Which brings me to my point. I am someone who could care less what other people eat around me. I am a vegetarian and have had many friends ask if it was okay if they ate meat when they were with me. The latter is a little different since being a vegetarian is a personal choice as opposed to something I have zero control over. Regardless, I react to both of those situations the same.

We all have to be able to co-exist in this world and it helps if we try to make it as easy for each other as possible. I am very cautious about doing or saying something to someone if I know the subject is a little sensitive for them. Over the years, my friends and family have learned that eating is probably the most sensitive subject for  me since so many occasions revolve around food.

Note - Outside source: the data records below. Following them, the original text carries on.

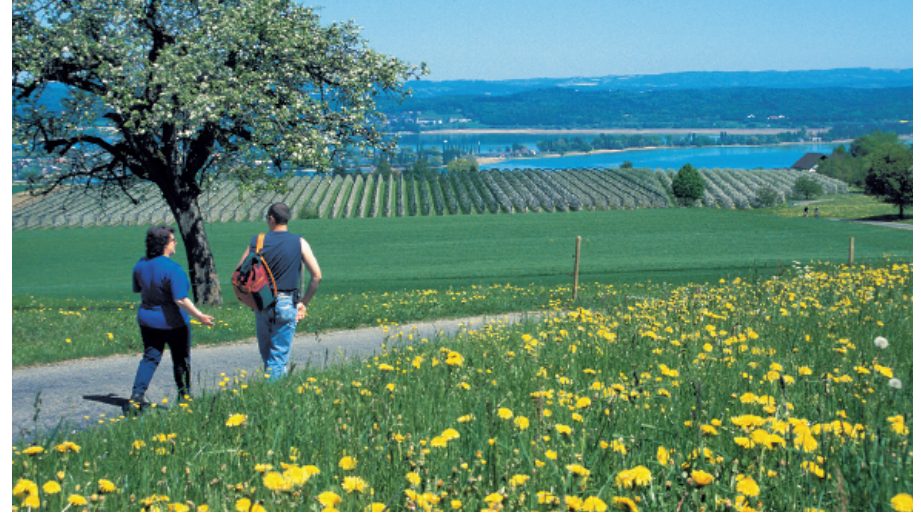
Im Frühjahr ist die Wanderung am Seerücken besonders lohnend.

Schloss Arenenberg, Tel. 071 663 32 60, www.napoleonmuseum.ch
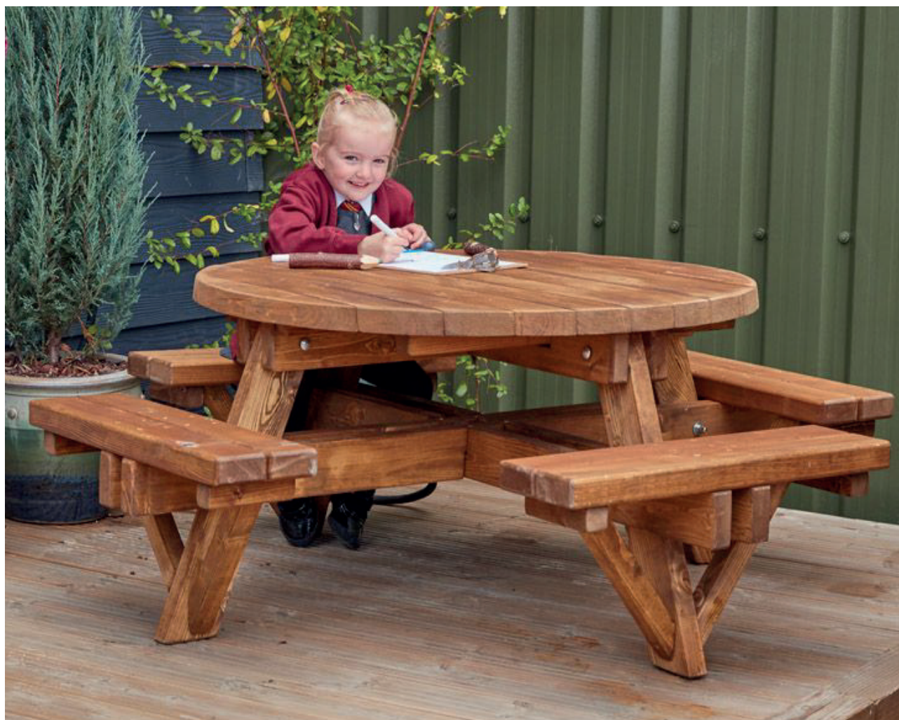
Bancos pícnic redondo para 8

El lugar perfecto para el trabajo colaborativo. Este acogedor banco de picnic de ocho plazas ofrece la posibilidad de realizar actividades grupales en el exterior. También es ideal para comer al aire libre.
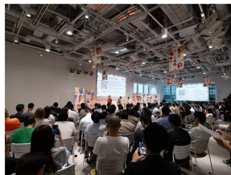
「POTLUCK FES'23 Autumn」の様子
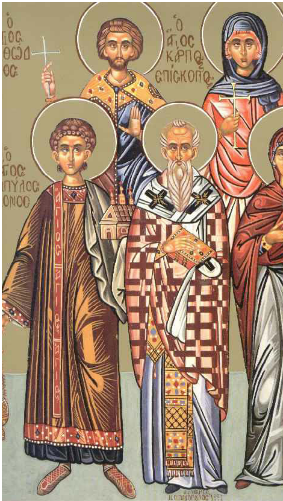
Άγιοι Κάρπος, Πάπυλος, Αγαθόδωρος και Αγαθονίκη
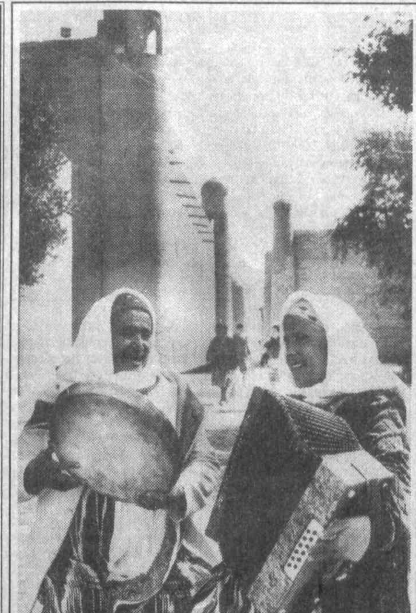
СУРАТДА: Ҳорам халифалари халқ оғзаки ижодини завқу шавқ билан куйлашади.

Бу дунёдан кетар йўлим, ўтар йўлим, Сенинг бирлан бирдир элим, хоксор элим. Бутун умрим меҳру соғинч кўчасидир, Бор ҳаётим бир шеърят кечасидир. Сирояддин САЙИД.

Most patients who suffer from inflammatory bowel disease want to be treated the same as everyone else. They don’t want special accommodations unless they are very simple. They don’t want anyone worried about making something special for them or not eating because they don’t want to exclude them. Family and friends who constantly ask and wonder what someone is eating and how much just cause frustration for the patient. Of course, none of that is intended but it happens often.

I can understand how there are many people with Crohns or ulcerative colitis who feel angry at the fact that they can’t fully enjoy food or the same types of things they used to eat. Some would prefer to avoid social situations that revolve around food because it is too upsetting. In some ways, it acts as a reminder that your body isn’t the same as most and there is little, if anything, you can do to change that fact.

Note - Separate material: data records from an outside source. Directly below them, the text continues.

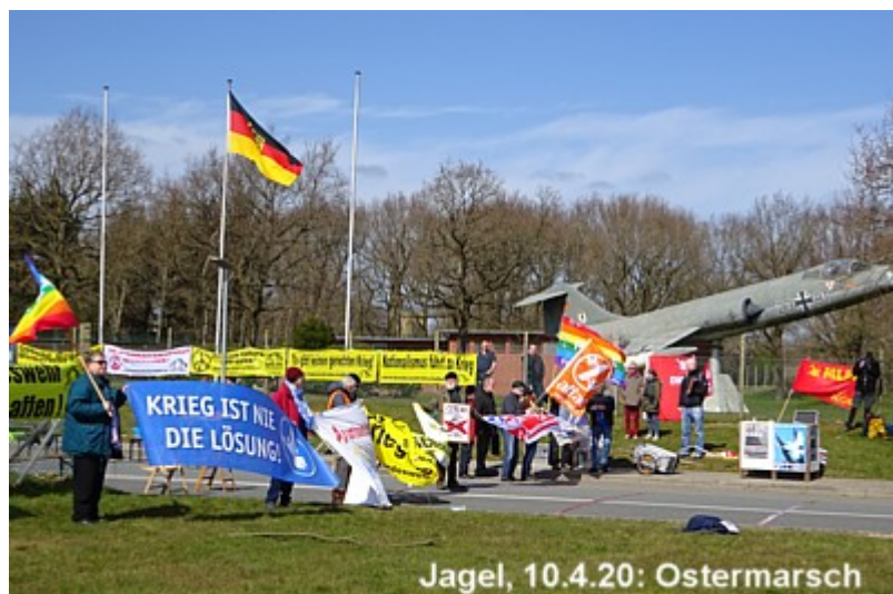
Jagel, 10.4.20: Ostermarsch

Kategorie: Aus Bewegungen und Parteien Veröffentlicht: Montag, 13. April 2020 11:58
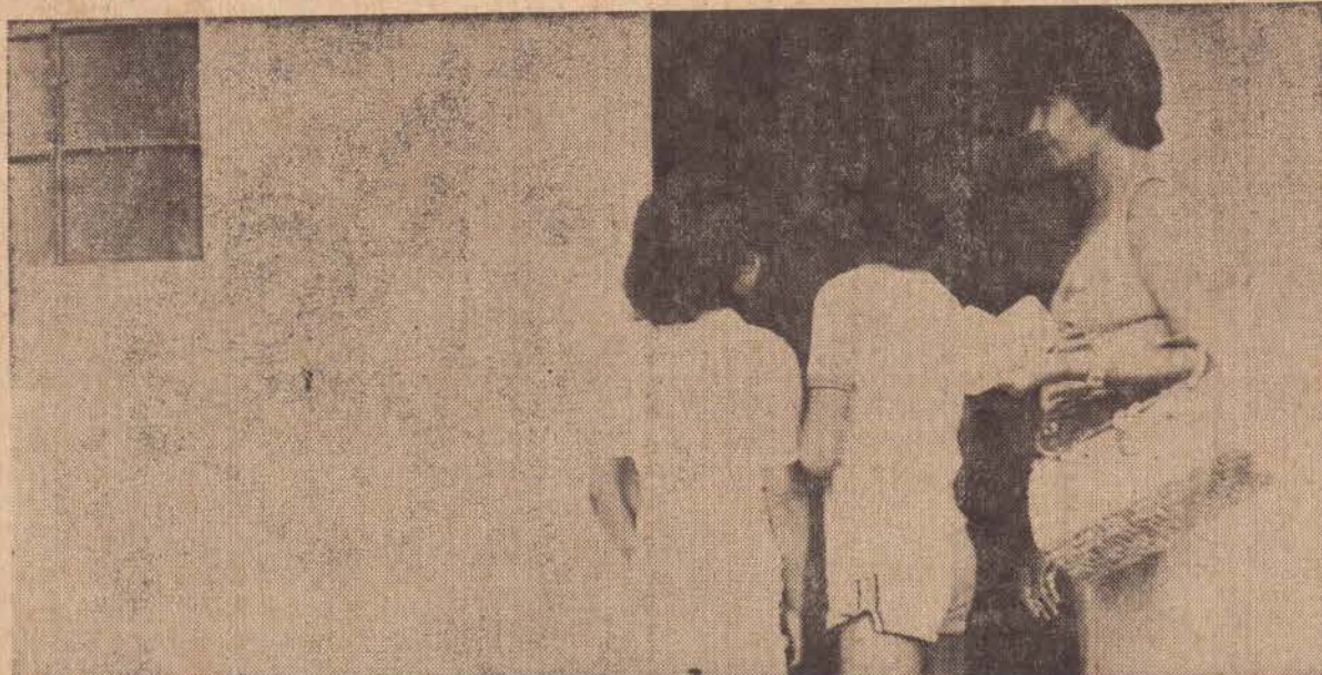
"A emoção de entrar pela primeira vez em sua casa própria"

O Conselho Monetário Nacional aprovou também os novos preços mínimos para produtos agrícolas que serão produzidos na safra 1980/81, contemplando um reajuste médio de 133 por cento, sendo que os principais produtos de alimentação (arroz, feijão, milho e mandioca) receberam elevações médias de 155 por cento. O arroz permaneceu com o preço mínimo de Cr$ 720,00 a saca de 50 quilos conforme a proposta anterior. O próprio Ministro Delfim Neto, que ontem havia demonstrado pouco interesse em aprovar este valor, decidiu ontem pela manhã voltar atrás.
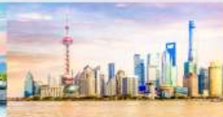
หาดไว่กาน

I wanted to write about this today because I think this is one of those topics that really depends on the individual. I tend to be under the belief that the longer you have IBD the easier it gets to be around other people eating and drinking things you can’t. The main reason I feel this way is not because Crohns or ulcerative colitis become easier with time. I just feel that with time come a lot of experience with your body which allows the reality of what you can and cannot handle or partake in to become clearer to you. For example, I restrict my diet and am OKAY doing so because I know firsthand what happens when I don’t do that. I have had too many years of issues so now, I understand the reality of my life.

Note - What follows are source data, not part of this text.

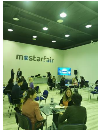
B2B susreti tokom Međunarodnog privrednog sajma u Mostaru, maj 2023
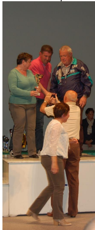
Le titre pour les Tireurs
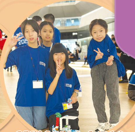
同學與參賽作品合照，展現出自信的笑容與紮實的工程基礎。
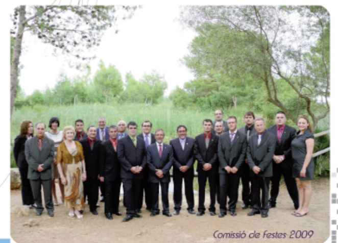
Comissió de Festes 2009

penyes, que supleixen la poca sensibilitat i solidaritat municipals amb els difícils moments que passen les nostres economies. Si un s'ho monta be, les degustacions poden allargar-se fins a convertir-se amb autèntics àpats. Sempre està el truc de "per a la meua iaia" o "posem un poquet més i el xiquet ja menjarà de la meua, i així no cal que me'n pose un altra ració, gràcies".
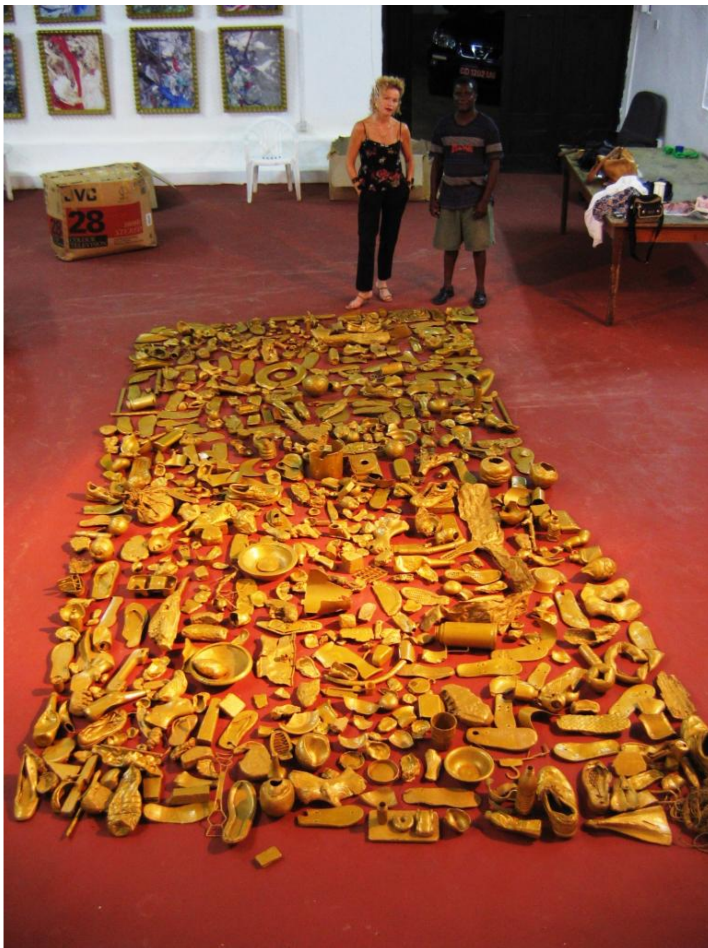
Ph: Virginia Ryan, Goldfield, Kumasi 2002, courtesy of the artist.
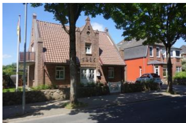
Das Haus Badestrasse 30a in Wyk

Die Unterkunft verteilt sich über EG und UG.
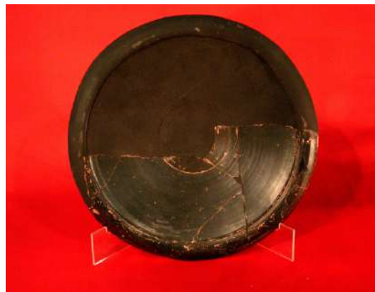
Plat de varins negre, ceràmica campanina, segle II a.n.e.

Finalment, la vitrina sis d'aquesta primera planta està dedicada a la mort i als soterraments ibèrics. És per això que aquí trobem diferents urnes o recipients que es col·locaven junt l'aixovar personal, així com els propis elements d'aquests aixovars funeraris. D'aquesta manera, podem observar diferents peces per l'aixovar masculí (guerrer) i el femení (arracades, botelles de perfum, etc.).
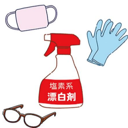
塩素系漂白剤はゴム手袋やメガネ、マスクなどをしてご使用を。

あり、酸性のものと混ぜると危険なので、ご注意ください。 浴室を使用後、吸水スポンジやスクイーズで水気を取ると掃除の負担が軽くなります。
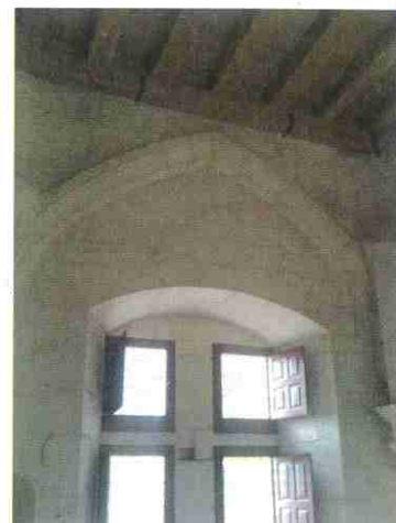
Fenêtre du 1er étage

sur cette dernière tranche de travaux. Le montant total des travaux y compris un aménagement extérieur du parvis et la mise en œuvre d'un escalier en pierre s'élèveront à 297 450 €, subventionnés à 78,75 % par l'Etat, la Région et le Département.
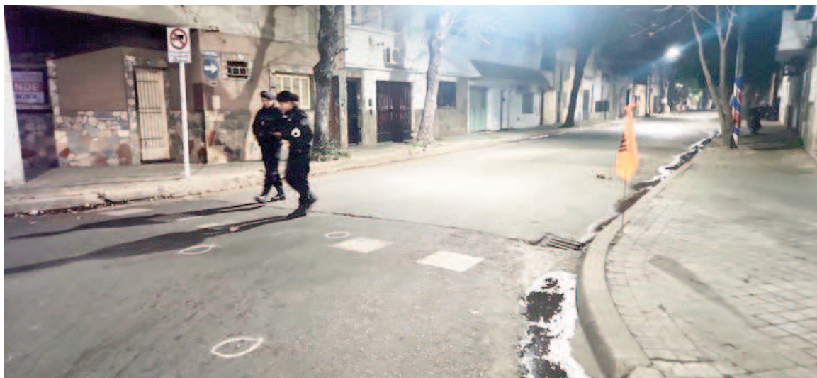
La cuadra de Independencia al 3100, donde dejaron un reguero de vainas.

Ya entrada la noche, efectivos policiales habían demarcado con tiza los doce casquillos que escupió la

If you are a loved one of a person with Crohns or ulcerative colitis, take the time to ask someone if you are eating something you know for sure that person cannot enjoy. Feel them out and if it seems like you eating it in front of them wouldn’t be good for your friend’s mental health then eat something else and enjoy that particular food a different time. It doesn’t mean you won’t ever be able to have that particular food around your loved one; it just means for the time being it is better if you grabbed something different.

ask-me

As a patient with Crohns disease or ulcerative colitis, how do you feel when others eat food around you that you can’t enjoy? Does it make you angry? Upset? Or, not care?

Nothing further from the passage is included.